Article examines bullying problem

Some of the major problems facing teachers and school administrators concerning bullying are spelled out in an article posted on the Joplin Daily website.
Daily reporter Michelle Pippin interviewed the mother of the Memorial Middle School shooter, who paints a portrait of a pattern of a bullying that led to the incident:

"He came home once limping; he had been kicked by an older kid in the halls," she recalled. "He came home once with a huge welt on his head from someone slamming his locker door on his head when they passed him in the hall. His hand was injured once too. He did suffer from bullying. He would come home crying, begging us not to send him back to school."


The article make some strong points about bullying. It's there and it is not easy to deal with. School officials make every effort to deal with it, but principals and teachers are outnumbered and bullies are usually good at knowing how to hide their activities and which students are never going to say a word about them.

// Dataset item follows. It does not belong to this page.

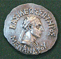 - ^ "King Menander, who built the penultimate layer of the Butkara stupa in the first century BCE, was an Indo-Greek." in Empires of the Indus: The Story of a River, Alice Albinia – 2012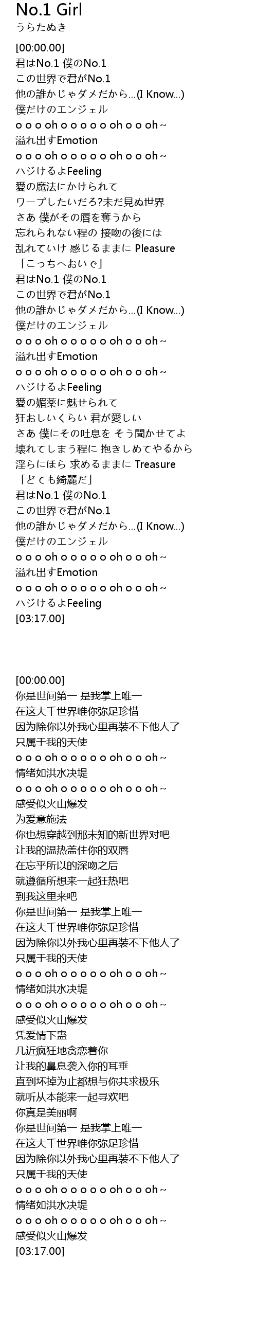 | [01:16.23] | 君はNo.1 僕のNo.1 |

Of course, I note that the parents who talked to the Daily article never actually talked to school administrators about the problem, which would seem to have been the natural, logical step.

I am not native enough to think that things are perfect at South Middle School. Bullying incidents do take place, but we do our best to catch them and stop them as quickly as possible. Still, we do miss a few. We work to cut down on the number of problems by having teachers in the hallways between class periods and by having them all over the place before and after school. While it is impossible to catch everything that happens, we do manage to stop a number of potential problems before they begin just by our presence.

It just amazes me that with the amount of education students receive about the negative effects of bullying, and the publicity that the recent wave of school shootings generated, that we still see bullying. What in the world is it going to take to get through to these kids that their behaviors could have deadly consequences?